Genetic characteristics and variation of the 15 microsatellite loci detected in the population of Leishmania infantum from the Emilia-Romagna region (northeastern Italy, N = 55).

Locus	N	Repeat array	Fragment size array (bp)	A	He	Ho	Fis
Li41-56	55	CA (9–10)	90–92	2	0.224	0.000	1.000
Li46-67	55	CA (7–10)	74–80	2	0.383	0.000	1.000
Li21-34	55	CA (8–16)	81–97	4	0.441	0.018	0.959
Li22-35	55	CA (9–19)	86–106	5	0.659	0.091	0.863
Li23-41	54	GT (12–17)	77–87	4	0.471	0.130	0.727
Lm2TG	55	TG (9–27)	110–146	10	0.825	0.200	0.759
Lm4TA	55	TA (9–20)	73–95	8	0.803	0.145	0.820
Li71-5/2	55	CA (8–9)	108–110	2	0.036	0.000	1.000
LIST7039	55	CA (13–17)	203–211	4	0.595	0.036	0.939
Li71-33	55	TG (11)	105	1	0.000	0.000	0.000
Li71-7	55	CA (7–13)	88–100	6	0.539	0.127	0.766
CS20	55	TG (15–21)	75–87	5	0.634	0.036	0.943
Li45-24	55	CA (7–16)	89–107	6	0.706	0.109	0.847
TubCA	55	CA (9–13)	80–88	3	0.414	0.018	0.956
LIST7031	55	CA (8–11)	165–171	3	0.455	0.036	0.921
Overall	55			4.33	0.479	0.063	0.869

Locus, analyzed microsatellite marker; N, sample size; Repeat array per locus, in brackets the overall identified dinucleotide repeat numbers; Fragment size array per locus, the overall fragment sizes are indicated; A, number of alleles; He, expected heterozygosity; Ho, observed heterozygosity; Fis, inbreeding coefficient.
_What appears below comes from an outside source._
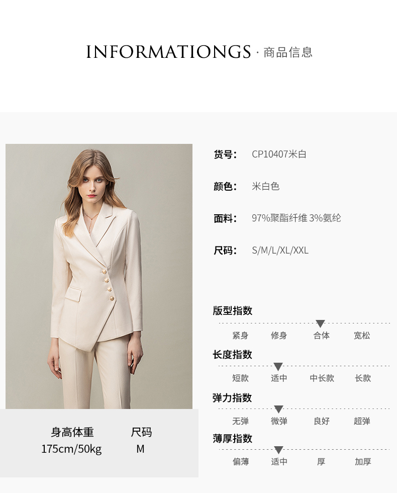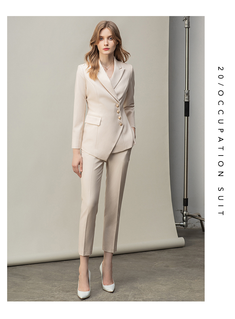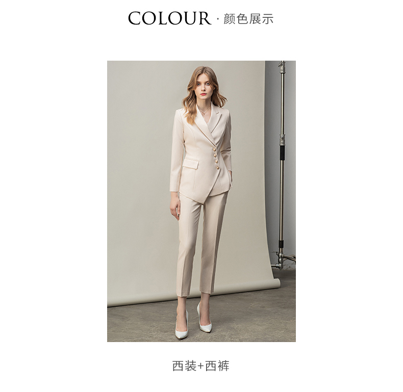 IWY/高级感杏色西装套装女秋冬韩版时尚气质酒店经理工作服职业装正装 CP10407米白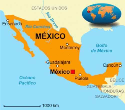 México, ubicado en el continente americano, cuenta con una superficie de 1.964.375 km² y una población de 122.000.000 habitantes aproximadamente. Su capital es la Ciudad de México. Nosotros en este viaje nos fuimos a visitar la Riviera Maya, zona costera que ofrece unas increíbles playas de arena dorada que contrasta con sus aguas cristalinas, visitamos Chichén Itzá, donde se encuentra la gran pirámide de Kukulcán. Tulum donde hubo una ciudad maya en el pasado con un activo puerto comercial, podemos destacar su castillo. El parque temático de Xcaret, el acuario natural de Xel-Ha, un cenote, etc.

In total, 41 different multilocus microsatellite profiles (MP) were assigned to 55 L. infantum samples (Table 1 and S1 Table), giving a MP frequency (profiles per sample per locus) of 0.050. Homozygous allele combination predominated in the examined samples; 18 out of 41 were di-allelic in at least one locus and were deemed as heterozygous. Thirty-two out of 41 MPs were unique to individual samples and 8 (MP6, MP7, MP8, MP19, MP21, MP22, MP23, MP38) were shared by more than one sample (S1 Table). Among 8 repeated MPs, 6 were shared by small groups of isolates (from 2 to 5) within the same focus of leishmaniasis. In detail, MP6 and MP7 were isolated in the Forlì-Cesena province, MP19 in the Rimini province, MP21 in the Piacenza province, MP22 in the Modena province, and MP23 in the Bologna province. The remaining 2 repeated MPs were shared by isolates from distinct areas; 3 strains of MP8 were isolated from dogs living in distant provinces of E-R (i.e. Ravenna and Reggio Emilia), while MP38 was found in a VL case from the Reggio Emilia province and in an infected female sand fly from the Bologna province (S1 Table).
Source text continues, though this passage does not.